Post by ochotona » Sat Jan 18, 2020 9:58 pm

And... I'm glad not to have been in the PP over the last five years. On the other hand, I have missed out on the pure US market buy-and-hold gains because I've been doing momentum investing, first GEM then Investingforaliving.us, but I'm glad I did what I did. I managed my downside risk, and captured a large part of the upside. What more could you want?

Having said that, the PP looms large in my future as a retirement allocation. I've said that many times, and I still believe it. I expect to inherit some money within the next decade, and it will go as a lump into the PP. I for sure don't want to be trading in a taxable account.

I am quite glad the discussions motivated me to put 10% of the portfolio into gold when it was priced low, it's now 13%.
User avatar
mathjak107
Executive Member
Executive Member
Posts: 4456
Joined: Fri Jun 19, 2015 2:54 am
Location: bayside queens ny
Contact:

Re: Why do you use the PP?

Post by mathjak107 » Sun Jan 19, 2020 3:49 am

taxes are taxes and one way or another we get taxed unless we die with equities in a taxable account . so i never let the tax tail wag the tax dog .

i do what is best financially and never not because i may be taxed.
User avatar
Smith1776
Executive Member
Executive Member
Posts: 3501
Joined: Fri Apr 21, 2017 6:01 pm

Re: Why do you use the PP?

Post by Smith1776 » Sun Jan 19, 2020 4:05 pm

I know the discussion has veered off from the OP, but I never answered this question. This thread was started before I became a member.

Tex enunciated it best in the original BH HBPP thread: the PP is designed to allow you to read the newspaper with total equanimity and without stress. That's why I use it.

There's really no other portfolio approach that gives me the same degree of peace of mind.

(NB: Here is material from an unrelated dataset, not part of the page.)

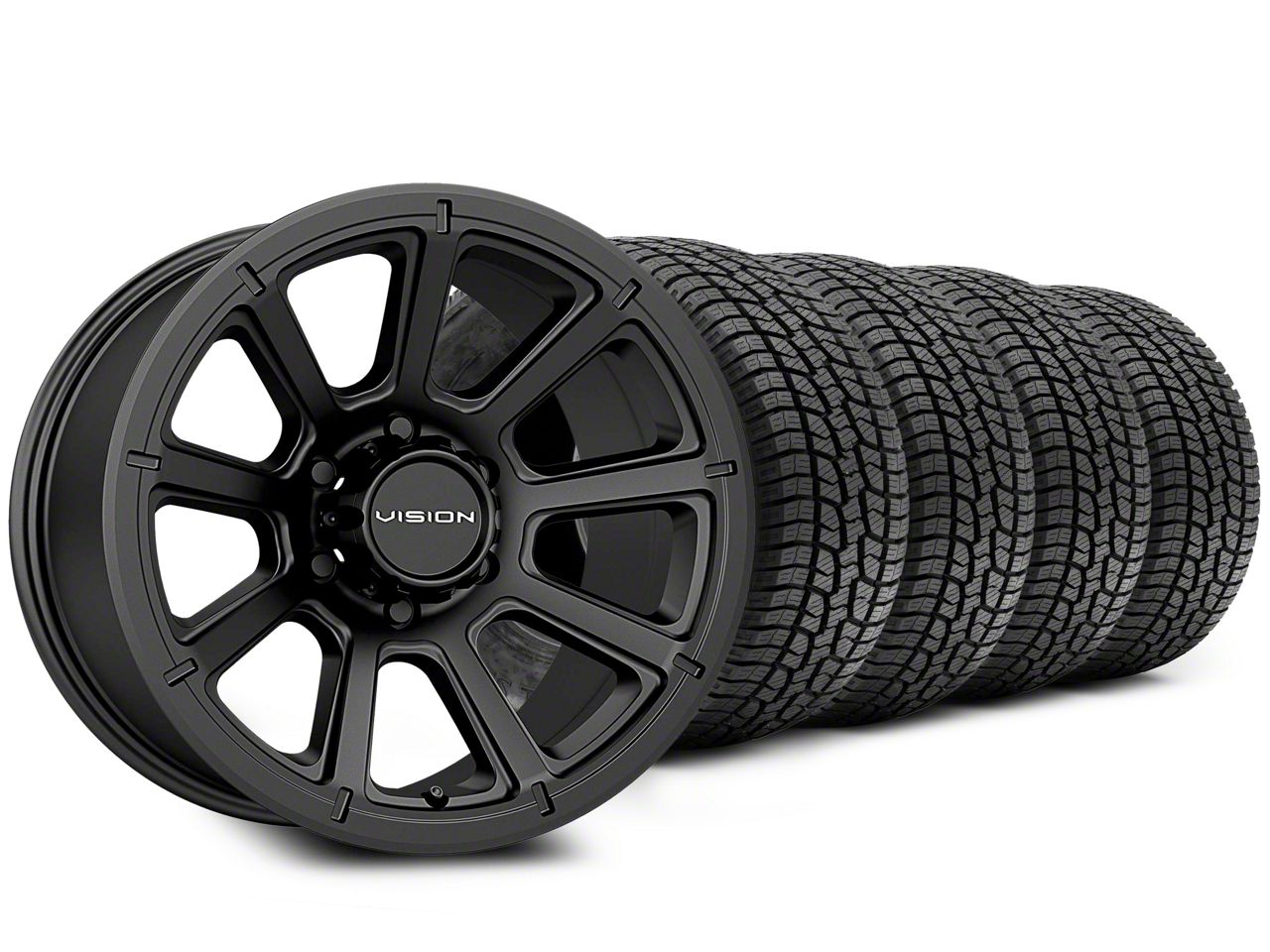 Mounted and Balanced Wheel and Tire Kit. This wheel and tire combo kit features (4) 16x8 Vision Off-Road Turbine Matte Black 6-Lug Wheels and (4) West Lake All-Terrain SL369 265/75R16 tires that have been put together into an easy to buy kit that arrives to your door already mounted and balanced ready to be installed on your vehicle.

And if you want to goose up the potential return profile you can still maintain 4x25 by tilting. SCV Emerging markets anyone?
I still find the James Rickards portfolio fascinating.
boglerdude
Executive Member
Executive Member
Posts: 1313
Joined: Wed Aug 10, 2016 1:40 am
Contact:

Re: Why do you use the PP?

Post by boglerdude » Sun Jan 19, 2020 10:44 pm

> maintain 4x25 by tilting

Are the assets supposed to be volatility matched? If gov issues 1,000 year bond with huge volatility, should you only hold enough of that to offset the volatility of the other assets?
User avatar
Smith1776
Executive Member
Executive Member
Posts: 3501
Joined: Fri Apr 21, 2017 6:01 pm

Re: Why do you use the PP?

Post by Smith1776 » Mon Jan 20, 2020 8:07 pm

boglerdude wrote:
Sun Jan 19, 2020 10:44 pm
> maintain 4x25 by tilting

Are the assets supposed to be volatility matched? If gov issues 1,000 year bond with huge volatility, should you only hold enough of that to offset the volatility of the other assets?
Personally, I'm less concerned about that than I used to be. The volatility of the underlying assets doesn't even stay constant. After I realized that, I just shrugged and said "good enough".

For instance, as interest rates go down the duration of the LT bonds goes up. I believe there are some funds out there with "dynamic" asset allocation strategies that account for this and have constantly shifting proportions. I'm not smart enough for that. I'll just keep 4x25.
I still find the James Rickards portfolio fascinating.